Standardization and Cross-Referencing
A rigorous cross-walk aligns the six principal representation-layer packs with the v3.2.0 interim of IEEE P3109, highlighting:
- Direct format matches (e.g., Binary8p3se ↔ FP8 E4M3; Binary4p1sf ↔ MXFP4 element), with explicit differences (e.g., overflow saturation policies, block-structure in MX).
- No direct P3109 analog for GF16, BF16, and E8M0 block, which are either outside the P3109 operational scope or orthogonal (scale-only fields).
- Preparation for future extensions covering operation-layer conformance (arithmetic, rounding, comparison, and blockwise operations) as per P3109's StandardOperations.yaml and ongoing formal verification initiatives (Chang et al., 17 Feb 2026).
Documented Interpretation Gaps
The paper foregrounds two types of critical, spec-sanctioned gaps as domain-relevant for practitioners:
- FP8 E4M3 Overflow Policy: The spec allows both saturation and NaN for out-of-range inputs. This manifests as silent divergence in hardware, only discoverable through vendor-neutral bit-exact vectors. The conformance pack's role is precisely to reveal and document these gaps rather than implicitly assert uniformity.
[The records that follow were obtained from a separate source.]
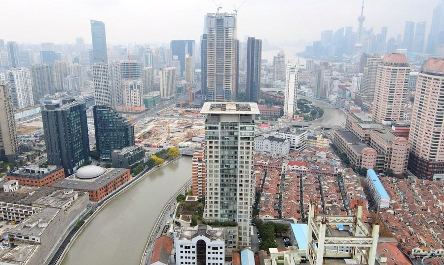 Aerial photo taken on Dec. 29, 2020 shows a view along the Suzhou River in Shanghai, east China. (Xinhua/Fang Zhe)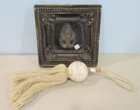 1015 Fleur De Lis Square Plaque and a Globe Tassel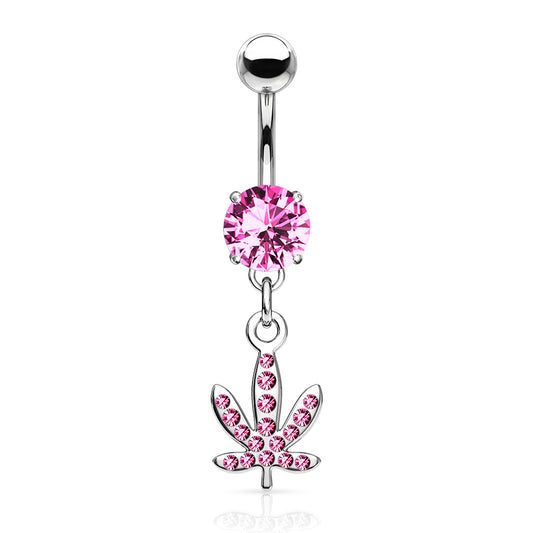 CZ Center Wire Set White Flower 316L Surgical Steel Belly Bar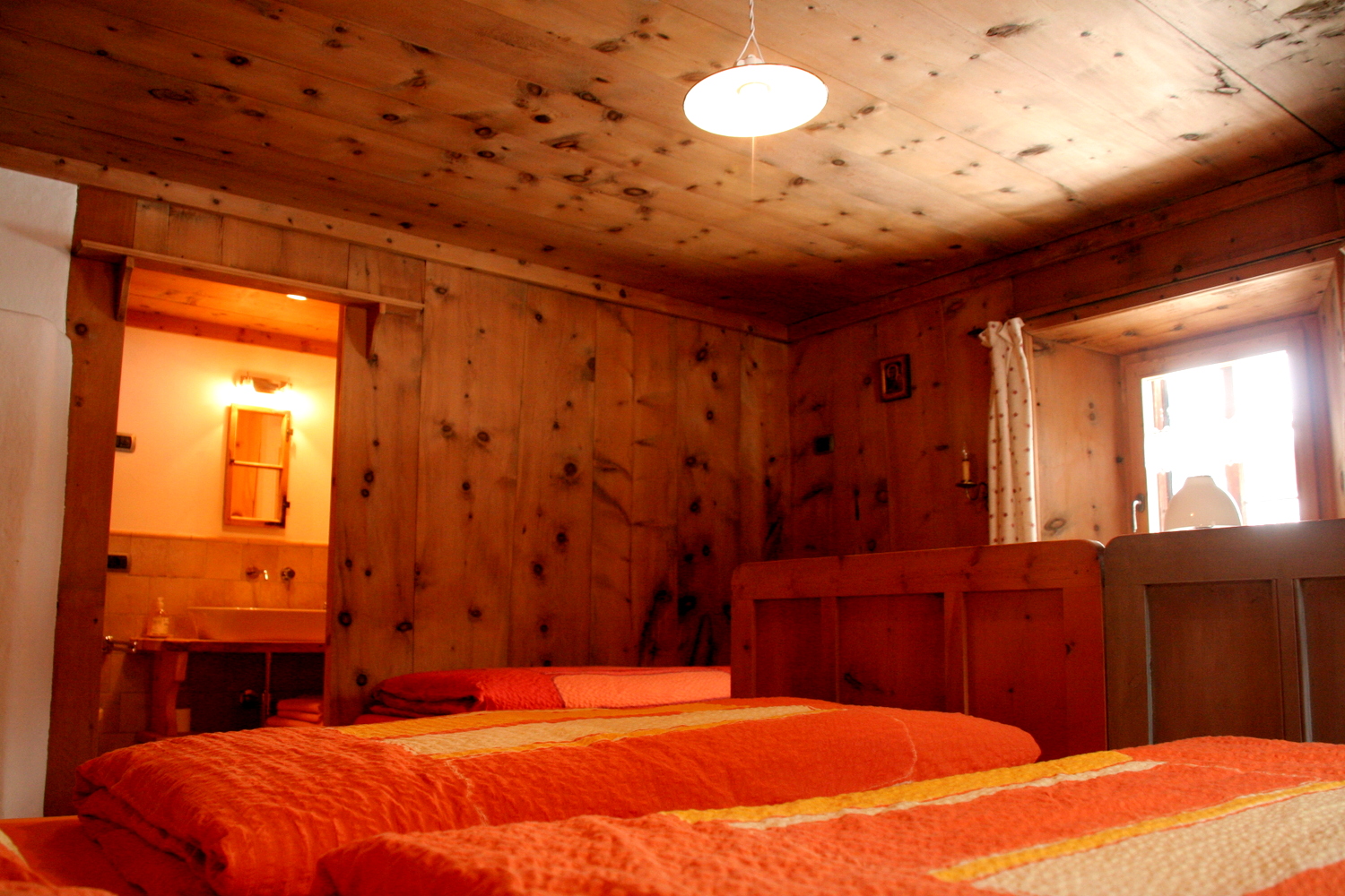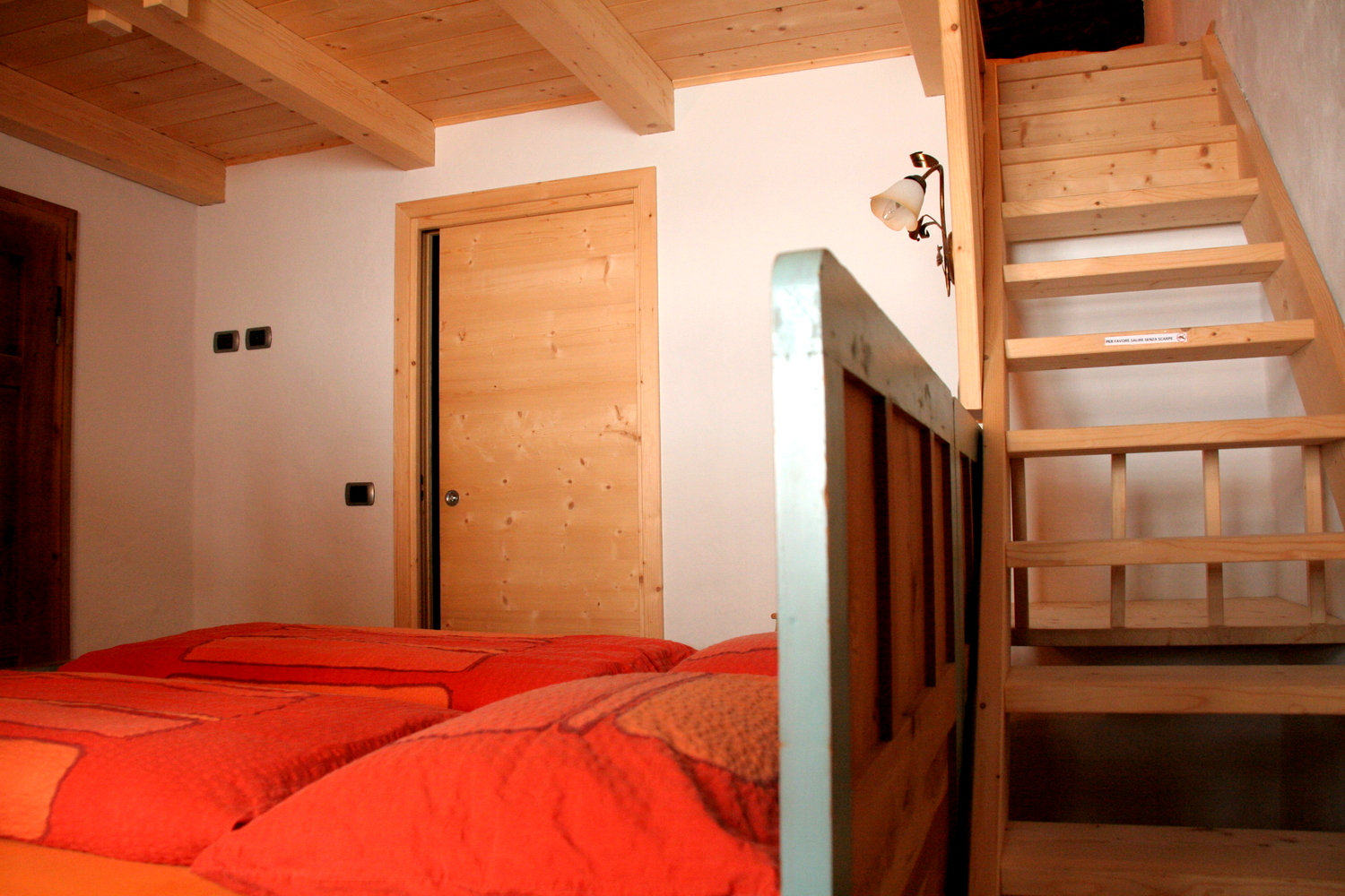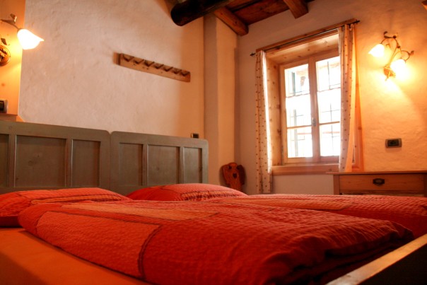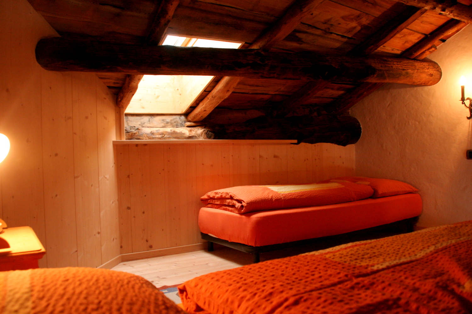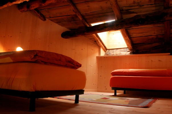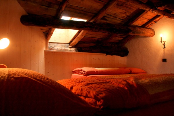 La Sctua dal Mika: In diesem charmanten Raum aus natürlicher Tanne erwartet Sie ein Doppelbett und zwei weitere Betten auf einem gemütlichen Zwischengeschoss. Die jahrhundertealten Balken und Bretter des Daches schaffen eine besondere Atmosphäre vergangener Zeiten und das große Badezimmer mit Dusche sorgt für zusätzlichen Komfort.

- Block Structure Divergences (MXFP4 vs NVFP4): While implementing the same S1E2M1 element, blockwise arrangements differ (32-element E8M0 vs 16-element FP8 E4M3 scales), with nontrivial differences in scale range and quantization. This has practical implications for interop: tensor element match does not guarantee identical decoded tensors due to scale quantization and block sizing.
Limitations and Scope
The current release verifies only the representation layer—not arithmetic operations, which are slated for future tracks. Oracle cross-validation is limited to ml_dtypes; other oracles, e.g., libtakum for Posit/Unum or Pychop for arbitrary low-precision, are not yet integrated. Catalog coverage prioritizes the formats with actionable reference material; less mature or formally described types are included only as registry rows pending full vetting.
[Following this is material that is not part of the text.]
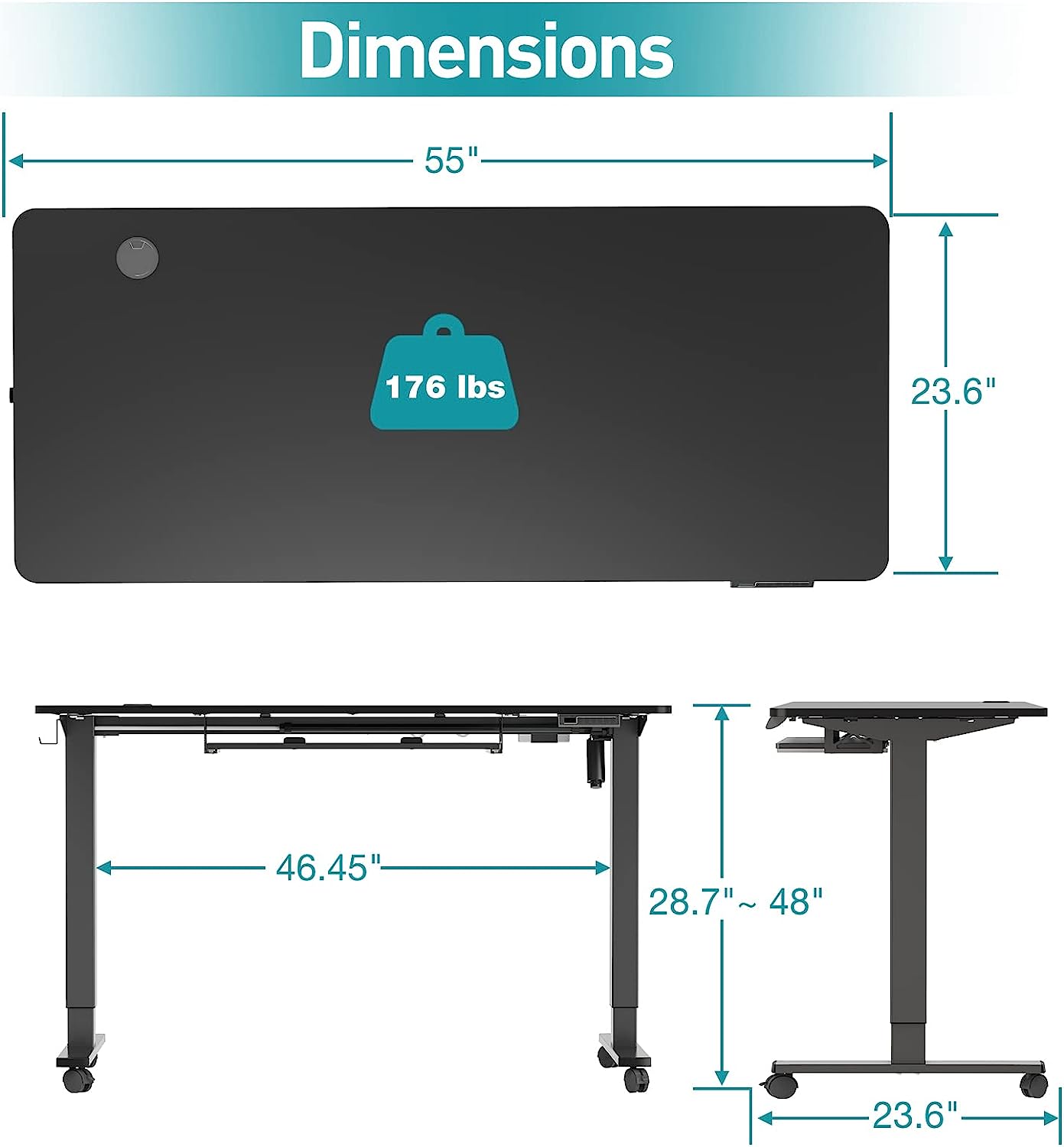 - Ergonomic Spacious Workspace: The large work surface measuring 55" x 24" eco-friendly desktop, offering a roomy setup for 2-3 monitors and a laptop. The tabletop is waterproof and wear-resistant. The equipped wire collection holes to keep your office area neat and tidy.

No accuracy, performance, or optimality claims are made regarding any format. The contribution is strictly infrastructural, not prescriptive. All artifacts (catalog, codegen paths, conformance vectors, manifest hashing) are fully open-source, enabling both direct reuse and third-party audits.
Implications and Future Directions
This work provides a direct, immediate impact for accelerator vendors, compiler/toolchain integrators, and researchers engaged in ML hardware/firmware validation. By providing a uniform, bit-exact, cryptographically anchored, and provenance-traceable reference for the most salient representations in contemporary training and inference, it greatly reduces the effort and ambiguity of cross-hardware numerical porting and validation.
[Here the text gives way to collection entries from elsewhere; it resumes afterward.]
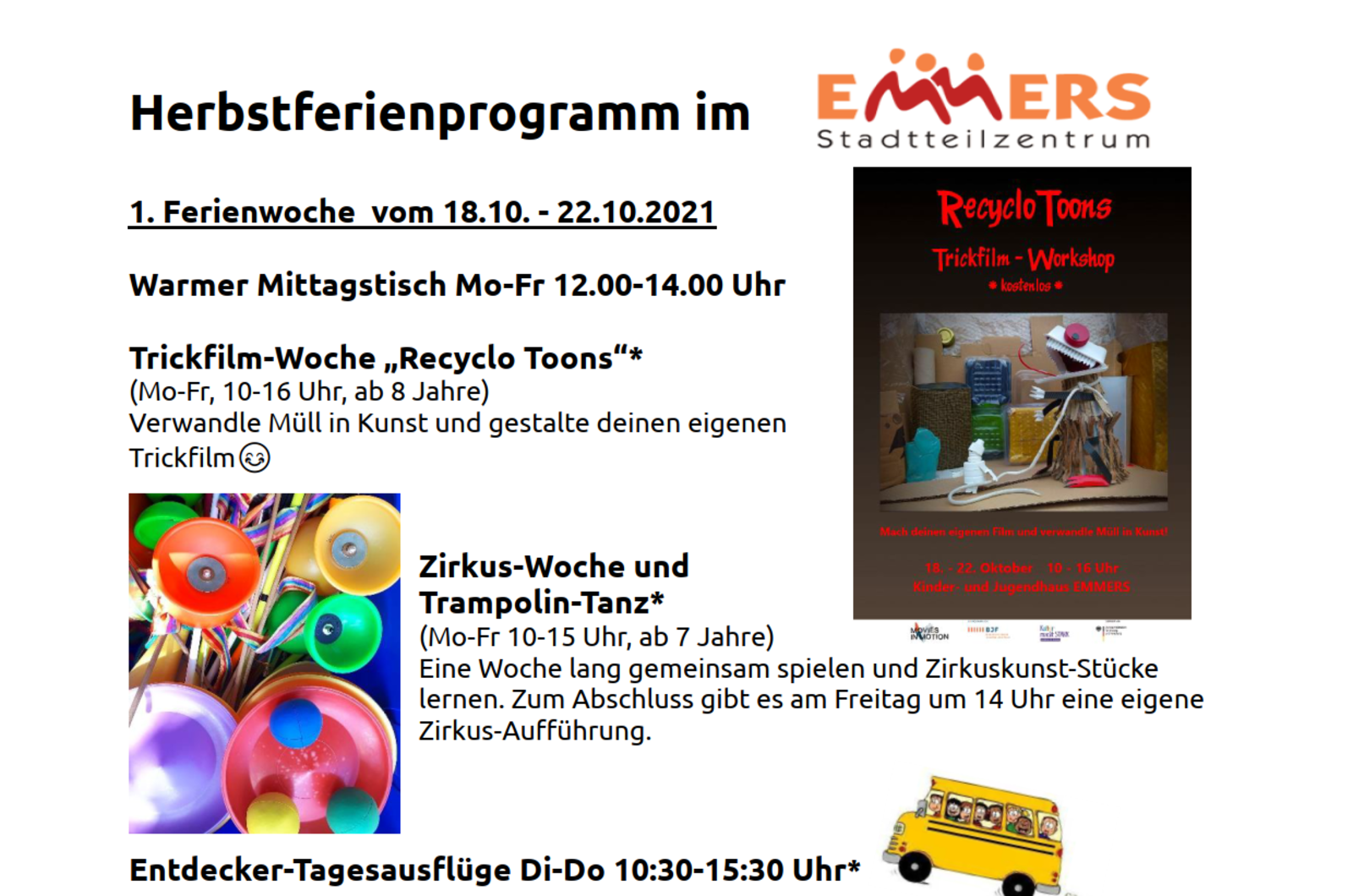 Unser Herbstferien-Programm 2021 beginnt: Auf unserer Website findet ihr alle Infos zu den geplanten Projekten und Anmeldungen. Los gehts in Woche 1 mit dem Trickfilm-Projekt "Recyclo-Toons". Wir verwandeln Müll in Kunst und gestalten unseren eigenen Trickfilm. Außerdem findet die Zirkus-Woche und Trampolin-Tanz statt. Oben drauf planen wir Entdecker*innen-Ausflüge.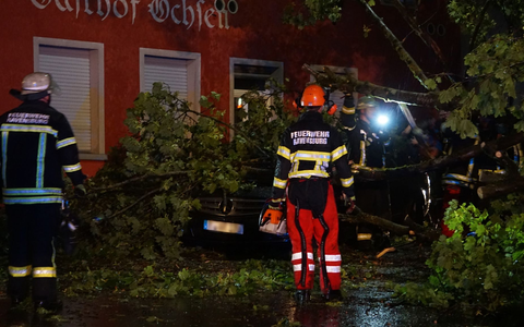 Sowohl in Baden-Württemberg als auch in Bayern sorgten herabgefallene Äste, umgestürzte Bäume und Blitzeinschläge in Häuser für einen Dauereinsatz von Polizei und Feuerwehr. Zehntausende Haushalte in Bayern hatten nach dem Unwetter keinen Strom mehr. Betroffen war das Netz der Bayernwerk Netz GmbH in den Regionen Oberbayern und Ostbayern, berichtete das Unternehmen. Grund für die Ausfälle waren Blitzeinschläge in mehrere Umspannwerke.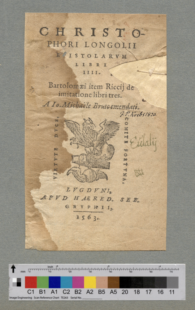 - Titelblatt mit dem Druckerzeichen von Sebastianus Gryphius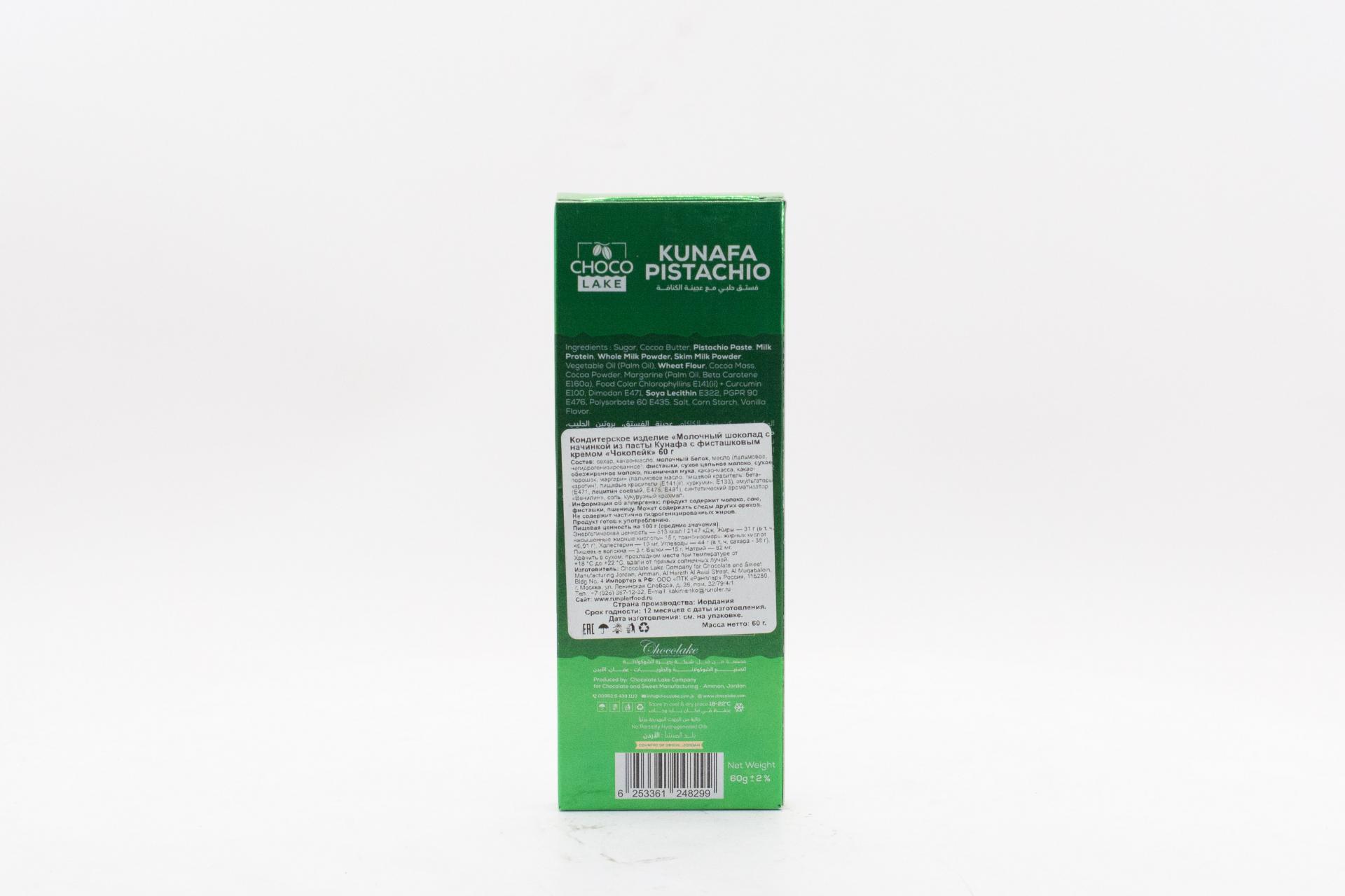 Молочный шоколад Choco Lake с начинкой из пасты Кунафа с кремом Бонелло (Иордания) 60г

The planned extension to operation-layer vectors, broader oracle integration, fuzz-based round-trip validation, and expansion of catalog coverage to less mainstream or newly emerging formats will increase its utility as the numeric substrate for standardized conformance testing in ML.
The explicit documentation of vendor- and spec-sanctioned divergence points models an essential practical attitude: uniformity cannot be presumed, and cross-vendor compatibility must be empirically established rather than inferred from documentation.
Conclusion
"An 84-Format Numeric Catalog with Bit-Exact Conformance Vectors" (2606.09686) establishes a robust, reproducible, and open-licensed foundation for cross-vendor and cross-standard evaluation of low-precision floating-point and microscaling formats. By resolving long-standing gaps in the reference infrastructure for bit-level conformance, explicitly documenting spec-permitted differences, and providing a scalable schema for rapid format inclusion, it sets a new baseline for industry-wide numerical interoperability and standards compliance in machine learning. Its practical utility will compound as the catalog expands and the operation layer is incorporated, offering a model for rigorous, vendor-agnostic numeric specification in AI hardware and software engineering.